(Task objective)
Begin at the line below that has "20分休みには、体育館南側の". Stop after the line that has "Den exotiska akvarell", repeating each line exactly and leaving out the pictures.

(Information provided)
* * * *

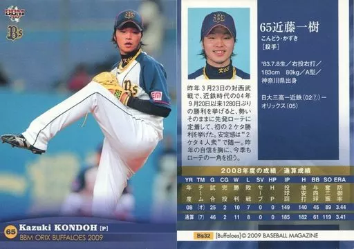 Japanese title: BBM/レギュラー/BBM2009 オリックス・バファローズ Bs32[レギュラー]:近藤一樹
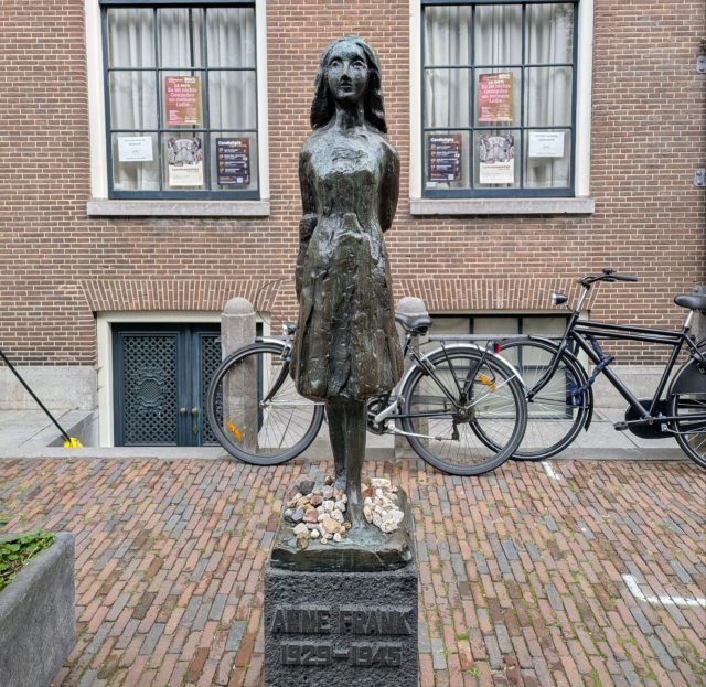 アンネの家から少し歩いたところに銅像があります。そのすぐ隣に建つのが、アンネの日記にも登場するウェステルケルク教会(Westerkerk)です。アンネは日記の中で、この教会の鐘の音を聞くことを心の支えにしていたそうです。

* * * *

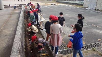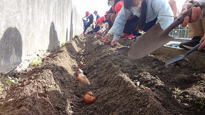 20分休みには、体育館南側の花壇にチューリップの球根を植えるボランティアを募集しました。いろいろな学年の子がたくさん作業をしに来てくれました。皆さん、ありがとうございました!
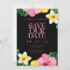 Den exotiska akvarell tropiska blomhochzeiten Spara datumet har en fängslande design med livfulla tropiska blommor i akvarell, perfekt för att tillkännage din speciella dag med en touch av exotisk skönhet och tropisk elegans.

* * * *

(The answer)
 20分休みには、体育館南側の花壇にチューリップの球根を植えるボランティアを募集しました。いろいろな学年の子がたくさん作業をしに来てくれました。皆さん、ありがとうございました!
 Den exotiska akvarell tropiska blomhochzeiten Spara datumet har en fängslande design med livfulla tropiska blommor i akvarell, perfekt för att tillkännage din speciella dag med en touch av exotisk skönhet och tropisk elegans.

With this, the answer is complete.